Reviewed in the United States on January 16, 2020
Had to turn this off about midway through out of sheer principle when the young college student in her early twenties - who is attending one of the most prestigious universities in the country, mind you (Harvard) - lurches sanctimony-first into a copy-and-paste-style diatribe replete with all of the invectives du jour. From "white privilege" to "male privilege" to "colonialism"... your cup of oblivious irony and puerile petulance will runneth over in this scene. Furthermore, and pitifully enough, at least some sentiment of this individual's rebuke of Ben Stiller's character is justified. Stiller's character's foibles range from neurotic insecurity to the crassest sort of pettiness and self-loathing, all of this, of course, couched as introspection. Here we find the titular "Brad" character (played by Stiller) ever-envious of his quasi-estranged college cohorts, coveting their success and lamenting his own modest life all the while scrutinizing even his own wife and the ways in which her admitted virtues may have contributed to his less-than-grandiose lot in life.
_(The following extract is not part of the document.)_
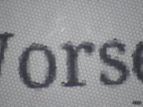 Parece evidente que ese panal hexagonal no se corresponde con los "pixels" de la pantalla de tinta electrónica. Tal vez sea simplemente una rejilla de protección o para darle rigidez mecánica.

At one stage, Brad even finds himself disconcerted and riddled with anxiety at the thought that his own son may one day attain a level of success that will eclipse his own achievements leaving him resentful and bitter. Brad is only consoled and reassured by the subsequent fantasy that his son - as a young man with musical aspirations - will be relegated to a "starving artist" station in life. All though I normally enjoy Stiller and his work, I must conclude: not Stiller's most likable character nor his most compelling film.